Mit meinem aktuellen Arbeitgeber, fairconcept, haben wir eine Übergabephase bis 30.06.2026 vereinbart. Es erfolgt eine strukturierte Übergabe aller Aufgaben und Projekte an meine Nachfolge. Auf der operativen Seite stehe ich weiterhin zur Verfügung. Das bin ich schuldig – dem Unternehmen, den Menschen, der Aufgabe selbst.
Der neue Anfang: Was mich erwartet
Am 01.07.2026 starte ich ein neues Kapitel. Gemeinsam mit meinem neuen Arbeitgeber werden wir eine Niederlassung eröffnen und das Geschäft weiter voranbringen. Das ist der Plan.
Bis dahin werde ich Abläufe analysieren, Kalkulationen bearbeiten, Kundengespräche führen. Bereichsleitung sowie Objektleitung begleiten, motivieren und unterstützen – nicht von außen, sondern von innen heraus.
Das ist das, was mich reizt. Nicht die Routine, sondern der Aufbau. Nicht die Verwaltung, sondern die Gestaltung. Nicht die permanente Wiederholung, sondern die Entwicklung.
Wertschätzung – ehrlich gemeint
fairconcept gebäudeservice GmbH und meinem aktuellen Team danke ich aufrichtig. Nicht mit leeren Worten, sondern mit dem Wissen, dass diese 28 Monate echte Lernkurve waren. Die Erfahrung im Dreischeibenhaus, die Menschen, die ich dort getroffen habe – das werde ich mitnehmen. Nicht als Last, sondern als Fundament.
Und meinem neuen Arbeitgeber? Der bereits gezeigt hat, dass er versteht, wie wichtig Respekt und echte Zusammenarbeit sind. Der zu mir kam, statt mich zu ihm zu rufen. Der zuhört, statt zu befehlen. Mit solchen Menschen arbeite ich gerne.
Die unbequeme Wahrheit
Ich habe lange genug in Positionen gearbeitet, in denen ich vorsichtig sein musste. In denen Sicherheit vor Wachstum ging. Das war manchmal notwendig. Manchmal auch bequem.

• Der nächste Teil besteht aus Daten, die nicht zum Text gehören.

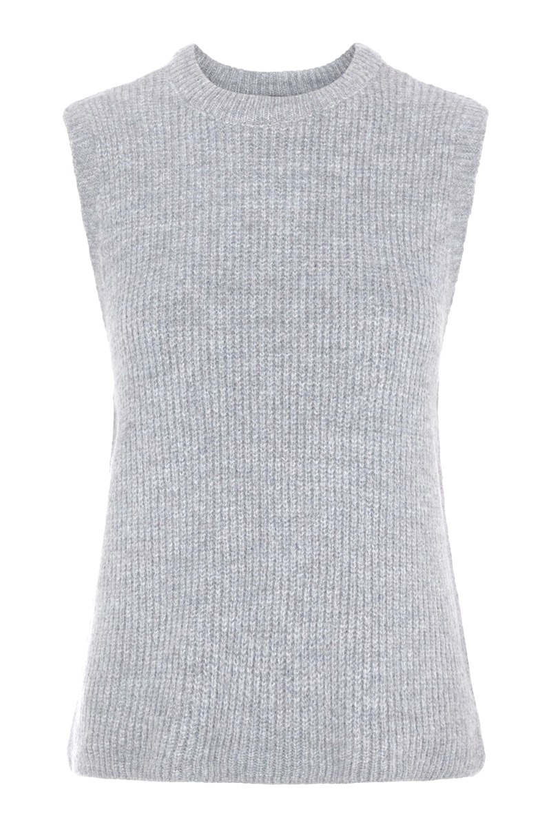 Sød vest fra Y.A.S i en lys grå med rund halsudskæring. Vesten er perfekt at style over en skjorte eller kjole for at skabe et mere afslappet look.
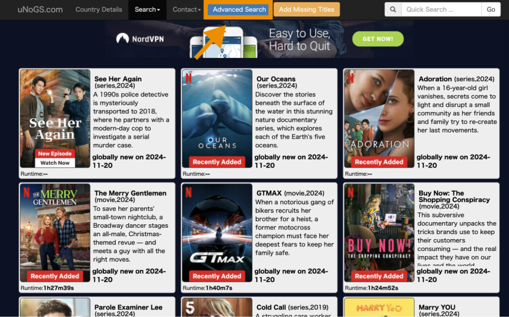 各国限定のNetflix限定コンテンツは、unogs.comという非公式のNetflixコンテンツ検索サイトから検索・確認できます。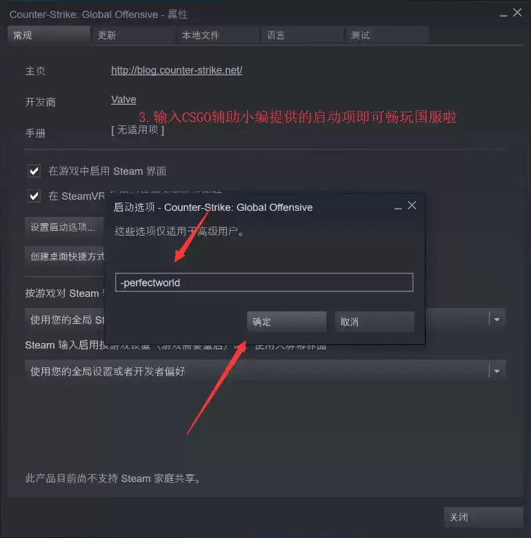第三步,在弹出的【启动选项】对话框中的输入框中,输入【-perfectworld】点击【确定】即可。如果想回到CSGO国际服那就在这个输入框中,写入【-worldwide】就可以了。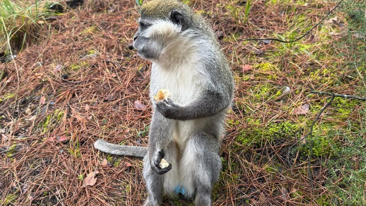 Denizli'de ormanda maymunla karşılaşan vatandaş, ekipler gelene kadar hayvanı oyalamaya çalıştığı anları kayıt altına aldı.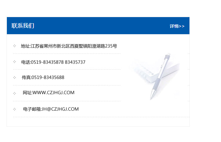 傳真:0519-83435688    郵編:213135    網址:WWW.czjhgj_com.xiyoule.com    電子郵箱:JH@czjhgj_com.xiyoule.com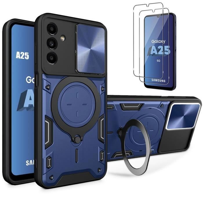 Coque de protection - BOOLING - pour Samsung Galaxy A25 5G - Antichoc en PC - Support Métal 360° - Bleu Marine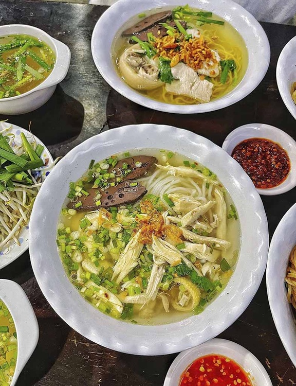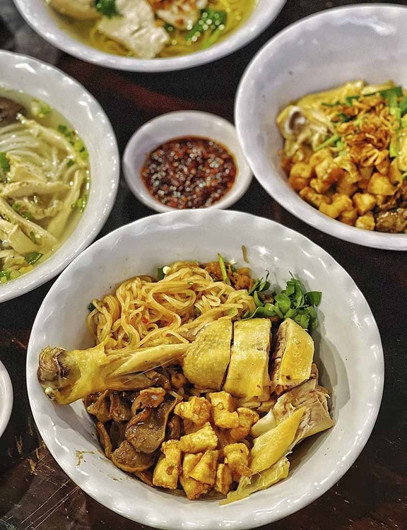 🍲 Hủ Tiếu Mì Gà – Món ăn quen thuộc, già trẻ đều thích. Nước lèo ngọt thanh, bổ dưỡng, ăn no mà không lo tăng cân. Topping hấp dẫn: lòng mề gà, trứng non, tóp mỡ giòn rụm, ăn kèm sa tế cay thơm.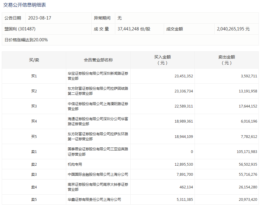 盟固利今日再次涨停 一机构专用席位净卖出超4000万元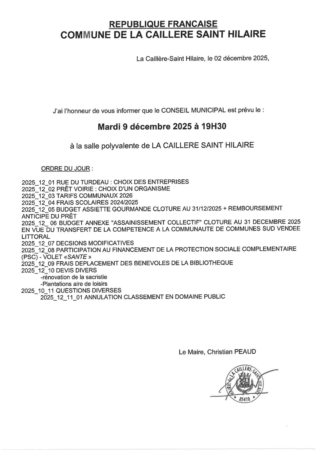 Le prochain Conseil Municipal de La CaillÚre-Saint-Hilaire se tiendra le mardi 9 décembre 2025 à 19h30 à la salle polyvalente.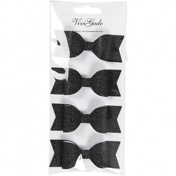 Papier-Schleifen, Größe 31x85 mm, Schwarz mit Glitter, 4Stck. [HOB-24789]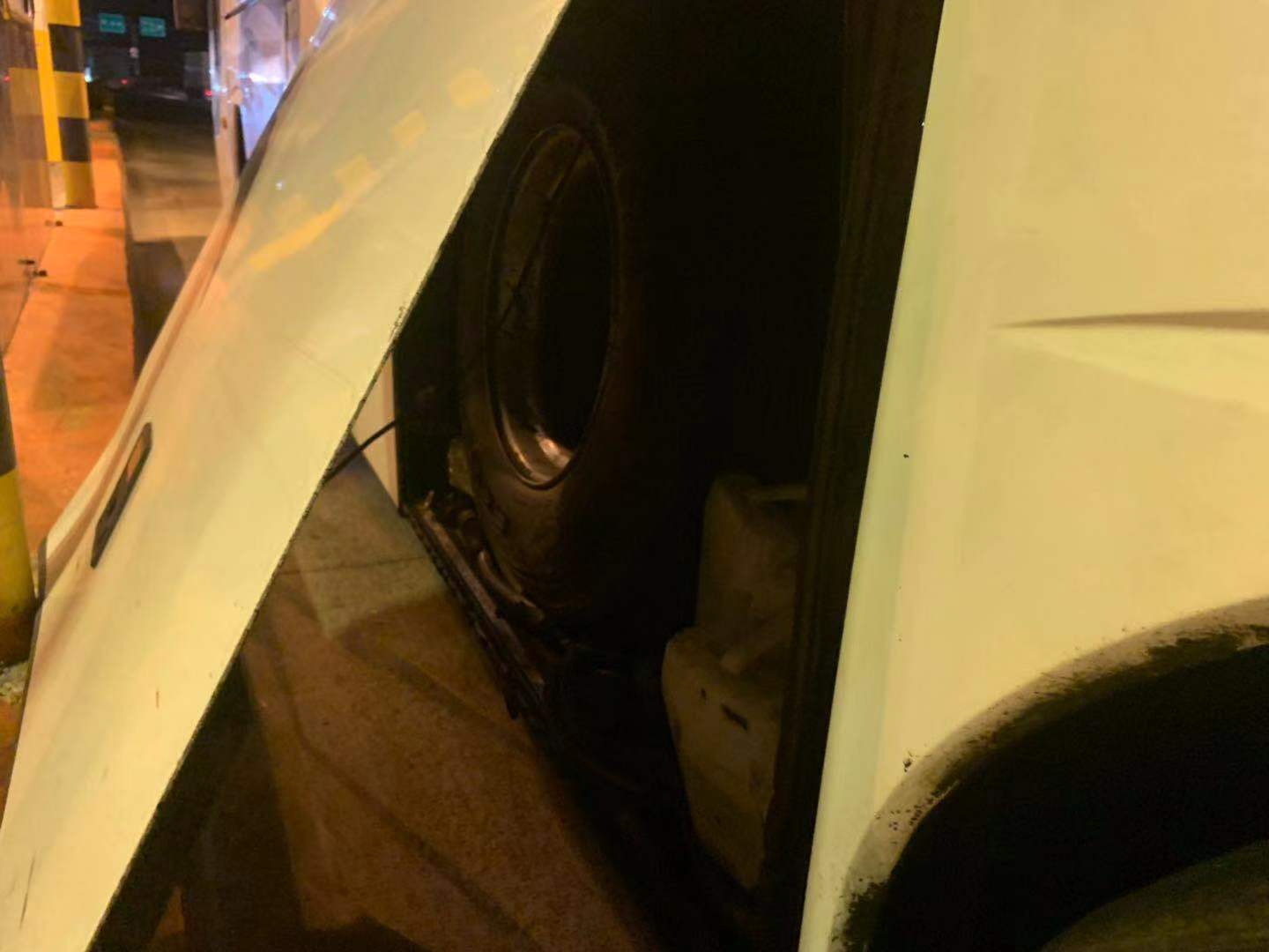 圖為被物品擠開的客車側(cè)門 此次事故由于客車車箱內(nèi)放置過多的物品,在車箱門邊上還硬塞了幾只大輪胎,最終導(dǎo)致輪胎將側(cè)門擠開而沒被司機(jī)發(fā)現(xiàn),在高速過ETC車道時(shí)箱門撞到了設(shè)備,司機(jī)對(duì)此也是后悔不已。 近期,收費(fèi)站發(fā)生過不少同類事件,有司機(jī)通過ETC車道時(shí)因車速過快未感應(yīng)到線圈,擋風(fēng)玻璃撞到欄桿;有集裝箱后門沒關(guān)撞到ETC設(shè)備。在此提醒過往司乘行車前務(wù)必要檢查好車輛安全情況,過ETC車道需要慢行。如果在高速上出現(xiàn)突發(fā)情況也不要慌張,及時(shí)向工作人員或者撥打求助電話請(qǐng)求幫助。 楊相暖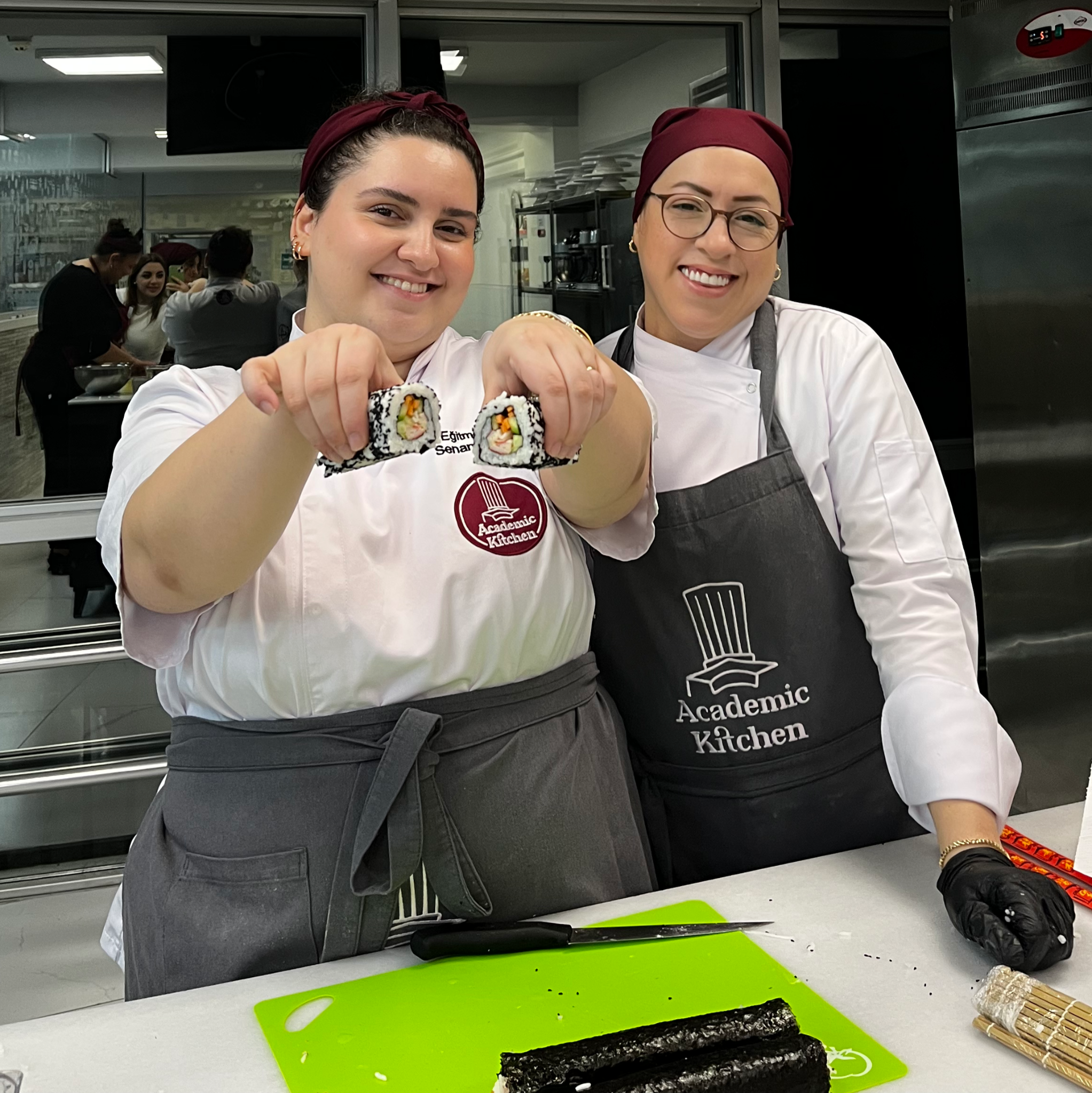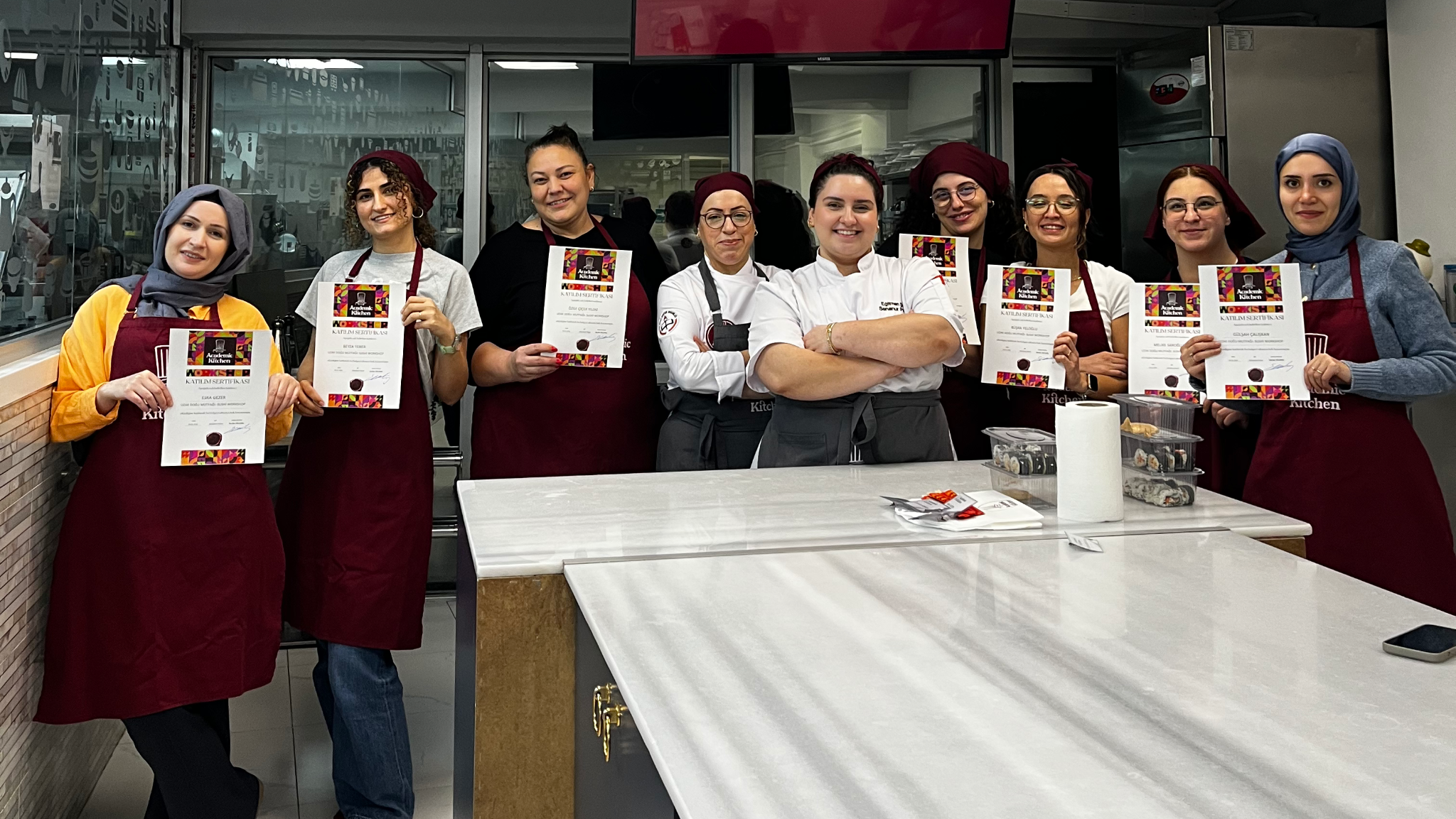 çeşitlerinin hazırlanışı, doğru sarım teknikleri ve estetik sunum detayları uygulamalı olarak işlendi. Katılımcılar, sushi pirincinin doğru kıvamdan kesim tekniklerine kadar sürecin tüm aşamalarını adım adım öğrenme şansı yakaladı.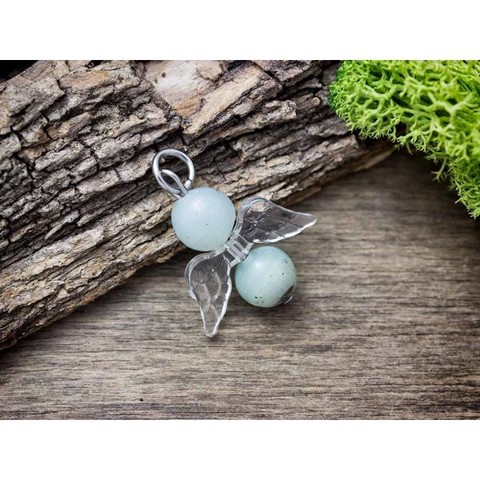 Az angyalok szerint, ha mindenki megtanulna kérdések, kételyek nélkül bízni az ösztöneiben, a világ sokkal békésebb hely lehetne. Bízz magadban, és válaszd ki saját védőangyal vagy segítő angyalodat! A megérzés útba igazító, és nem megmagyarázó rendszer. Tanulj meg tehát bízni az ösztöneidben anélkül, hogy mindig keresnéd a magyarázatokat, a visszaigazolást.A valódi ásvány medál fém akasztó részét acélból / orvosi fémből készítettük, így tökéletesen antiallergén. Az angyalka szárnya akrillból készült. Az angyalka fejét, és testét valódi 8mm-es amazonit ásvány gyöngyök alkotják.Amit az amazonitról érdemes tudnod:Az amazonit nagyrészt átlátszatlan kő, esetleg halvány tejfehér felhőkkel a világoszöldtől a kékes-zöldön keresztül a sötét zöldig/kékig. Ezt a követ mostanában méltánytalanul mellőzik, pedig sokféle hasznos gyógyhatással bír. Lelki gyógyhatás:Az amazonit nyugtató hatással bír az idegrendszerre. Mivel az idegrendszer kontrollálja érzelmeinket, így ez a kő csillapítja a bennünk lévő feszültséget és segítenek nyugalmunk megőrzésében, akár bosszantó élethelyzetekben is. Depresszió és érzelmi problémák esetén felébreszti az elvesztett életörömöt, megnyitja a szívet. Mindennapjaink során az amazonit segít lazábbnak lenni, növeli a kitartásunkat. Testi gyógyhatás:A régi időkben az amazonitot a szülő nők kezébe adták, segítve ezáltal a fájásokat és a könnyebb szülést. Menstruációs görcsök idején is számíthatunk a kő természetes segítségnyújtására, mivel a köldök csakra környéki fájdalmak enyhítésére is alkalmas. Mágikus hatás:Már az egyiptomiak is gyógykőként használták. Az amazonit segít céljaink elérésében. Csillagjegyei: Mérleg, Halak Csakrái: Köldökcsakra, Gyökércsakra Figyelem! Az ásványokat, kristályokat az őskor óta használják a test, a lélek és az érzelmek harmonizálására. Az ókori kultúrákban kifejezetten elterjedtek voltak. Az évezredek alatt számtalan tudás és tapasztalat gyűlt össze róluk. Ásvány ékszereink leírásánál a meghatározó szakirodalom alapján készült összegzések olvashatók. Fontos! Az ásvány ékszerek viselése, az ásványok és kristályok gyógyításban, alternatív terápiaként való használata nem helyettesíti a modern orvostudományt, a gyógyszeres kezelést. Betegség esetén az öngyógyítás helyett kérjük, forduljon szakemberhez!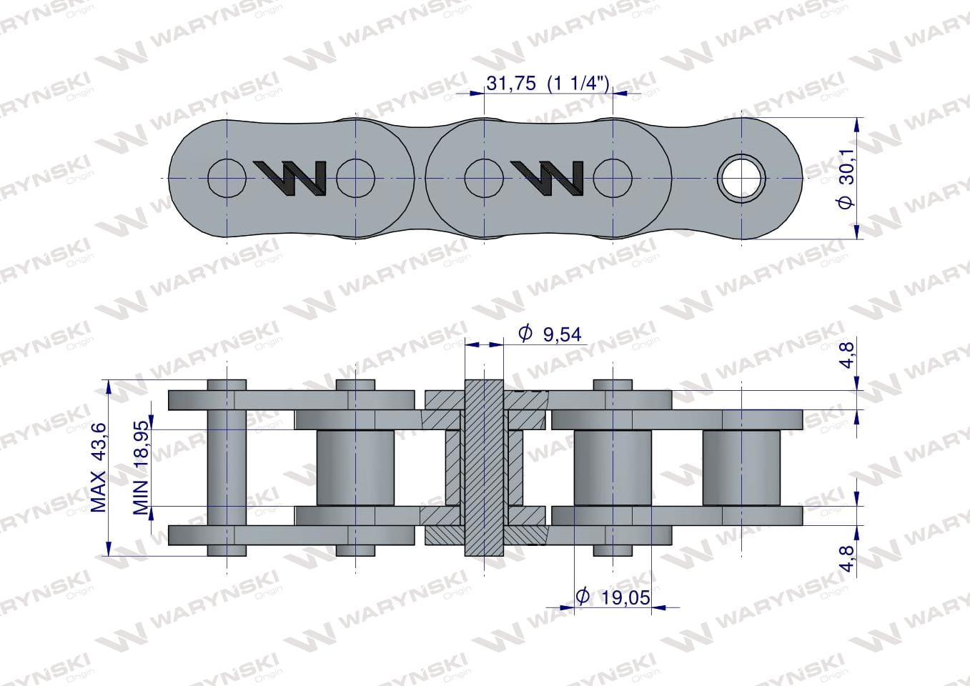 Łańcuch rolkowy wzmocniony 100SP (R1 1.1/4) 5m Waryński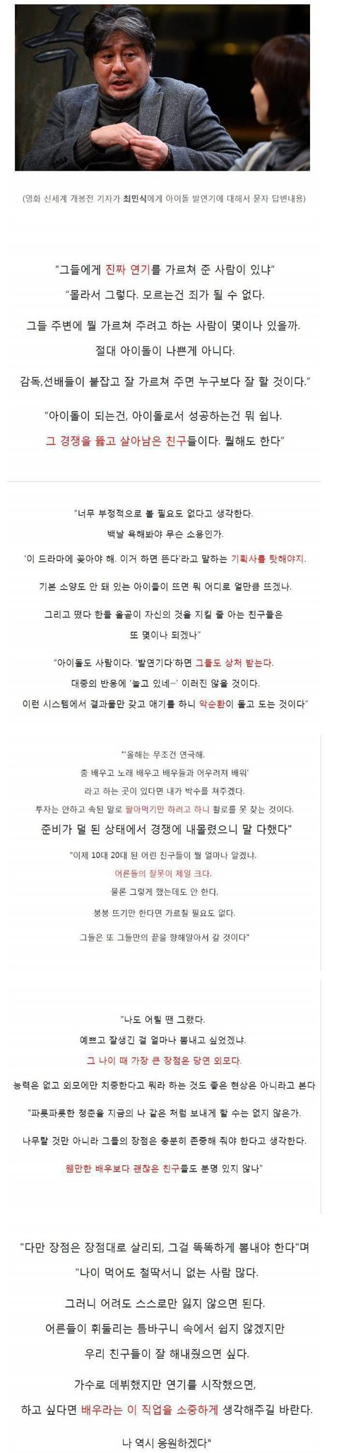 난 이거 보고 최민식님 마인드 진짜 대단하다고 느낌 아이돌 발연기에 대한 답변인데 꼰대랑은 정반대임 진짜 공감...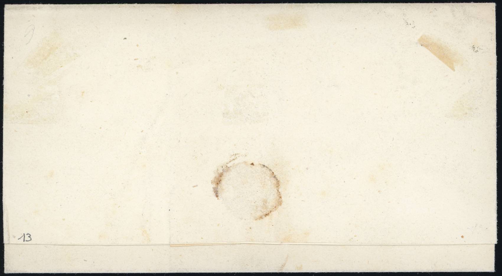 GIOJA, svolazzo tipo 1 cerchio rosso punti 13 - 2 grana (7e), perfetto, su sovracoperta del 24/2/1861 per Trani. Rara. Sassone, cert. Sorani.

Aber irgendwann merkst du: Das kostet dich etwas anderes. Deine Energie. Deine Freude. Die Überzeugung, dass du noch mehr geben kannst.
Mit 60 Jahren möchte ich anders arbeiten. An Dingen, bei denen ich wachse. Nicht schrumpfe.
Was ich vermissen werde
Eines werde ich vermissen. Morgens bei Sonnenaufgang in die 22. Etage fahren. Auf der Dachterrasse die Morgenluft einatmen und den Moment der Stille in der großen Stadt genießen.
Das war mein Ritual. Der Moment, in dem ich mit mir selbst im reinen war – bevor der Tag anfing. Das Dreischeibenhaus hat mir da jeden Morgen die Energie gegeben. Das werde ich mitnehmen, als Erinnerung an einen guten Ort.
Das neue Kapitel beginnt im Juli. Bis dahin überführe ich verantwortungsvoll, was ich aufgebaut habe. Das schulde ich fairconcept, meinen Nachfolgern, dem Real Estate und vor allem dem Dreischeibenhaus mit seinen Menschen.
Aber ich bin bereits mit meinen Gedanken woanders. Bei neuen Aufgaben. Bei dem, was ich noch aufbauen kann, bevor ich meine aktive berufliche Laufbahn abschließe.
Manchmal brauchst du nicht einen großen Plan. Manchmal brauchst du nur einen alten Bekannten, der bereit ist, zu dir zu fahren und dem du zuhörst und der dich dabei überzeugt.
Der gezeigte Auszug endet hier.